つまり、ビタミンCの摂取量を増やして、ビタミンCの消費量を減らすことが副腎疲労症候群の治療の第一歩だということです。そしてビタミンCは体内に貯蔵しておくこと出来ない水溶性ビタミンである為、定期的に摂取することが望ましいと言われています。

 

次に医師が言う台詞が、「最近の野菜は大昔と違ってミネラルやビタミンの含有量が年々、減ってきている為、食事からは必要な栄養成分が取れません。ですから高品質なサプリメントで補うことが必要です。」という言葉です。

 

本当にそうでしょうか。

 

事実、私は副腎疲労症候群になる前から、アルコールやコーヒーは大量に飲んでいましたし、仕事もかなりのハードワークを何年も続けていました。

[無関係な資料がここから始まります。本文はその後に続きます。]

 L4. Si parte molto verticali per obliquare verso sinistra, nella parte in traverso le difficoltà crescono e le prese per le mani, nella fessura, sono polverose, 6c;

私の周りには、私と同様のライフスタイルを続けながら、今でも元気に働いている方が沢山います。

 

当初、私はいつか彼らも副腎疲労症候群になるのだろうな、と思っていましたが、人体の構造や仕組を理解した今となっては、彼らが副腎疲労症候群にならない理由が良く分かりました。

 

さてビタミンCの摂取に話が戻りますが、そもそも私の周りでこれまで意識的に食事やサプリメントでビタミンCを摂取している方を見たことがありませんでした。

 

この事を医師や栄養療法士に言うと、「どんな食事にも少量のビタミンCが含まれているかた、意識しなくても摂取出来ていたのですよ」と言います。

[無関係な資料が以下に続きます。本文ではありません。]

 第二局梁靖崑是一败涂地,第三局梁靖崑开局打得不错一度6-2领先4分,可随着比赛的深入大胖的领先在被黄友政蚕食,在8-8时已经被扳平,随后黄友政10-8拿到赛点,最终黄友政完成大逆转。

(だったら何故、彼らはビタミンCのサプリメントを進めるのだろうと思いましたが…)

 

人によって様々ですが、サラリーマンやOLの場合、朝食抜き、もしくは朝食はカロリーメイト等の軽食と昼夜の2食という方が一般的には過半数程ではないかと思います。

 

さらに仕事中にビタミンCの消費量が多いとされる甘い物やコーヒーを摂取したり、仕事終わりに、やはりビタミンCの消費量が多いとされるアルコールを大量に摂取する方は沢山いらっしゃいます。以前、私の周りに、朝食抜きで昼は丼物かラーメン、夜はカレーもしくはコンビニ弁当という生活を一年近く続けていた方がいました。

 

さすがに一年続けたら飽きたので、夜も定食を食べるようになったと言っていましたが、(よく一年飽きなかったなと私は思いましたが!)

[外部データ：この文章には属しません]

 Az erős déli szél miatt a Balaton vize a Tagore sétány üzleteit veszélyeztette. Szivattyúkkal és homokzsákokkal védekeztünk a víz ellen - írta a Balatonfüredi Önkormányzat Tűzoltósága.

それでも、彼はよく風邪を引いてましたが、それ以外は問題なく過ごしていました。

どう考えても、このような生活ではビタミンCは完全に欠乏していると思います。

 

もし、ビタミンCが体内に貯蔵できないのであれば、こんな生活を一ヶ月も続けていれば体内のビタミンCは完全に欠乏して、副腎疲労症候群どころか壊血病になってしまうのではないでしょうか。

 

しかし、不思議なことに世の中の大多数の人は、エネルギー溢れるとは言いませんが、それなりに健康を保ち、生活しています。

 

昔、糖質は脳の栄養源になる為、糖質を取らないと頭が働かないし体も動かないという事が常識のように言われていました。しかし、「ジョコビッチの生まれ変わる食事」が出版された頃でしょうか。糖質を制限する事により、ケトン体を有効利用することが出来るということがわかってからは、医学会も臨床データを収集するようになり、さらにがん治療にも効果的ではないかと言われ始めると、今までずっと悪者扱いだったケトン体が一躍、ニューヒーローになりました。

 

これまで、一日一食、野菜のみの食事で健康に生活している人がいたことを考えれば、何かしら体内で糖質以外をエネルギーにして臓器を動かしていたことは確かなのですが…

 

さて、またまた話が戻り、ビタミンCです。

ここまでくると私が何を言いたいかわかったと思います。

体内でビタミンCが欠乏した際に、ビタミンC以外のもので人体に害を与えず、ビタミンCの様に働く成分があるのではないか、もしくは体内でビタミンCを産生出来るか貯蔵出来るのではないか、という事です。

 

事実、副腎疲労症候群になった時、ビタミンCが多い食生活に変えたら、急激に体がエネルギーを取り戻したように感じた時があったのでビタミンCは重要だと思います。

(ちなみにサプリメントで取ったら、あまり効果は感じませんでした。)

その様な経験から私は、線維筋痛症、慢性疲労症候群、副腎疲労症候群といった病気が治った今でも、ビタミンCは食事から積極的に取るようにしています。

 

しかし、人間の体は思っている以上に複雑なので、やはり一元的な考え方は好ましくないのではないかと思いました。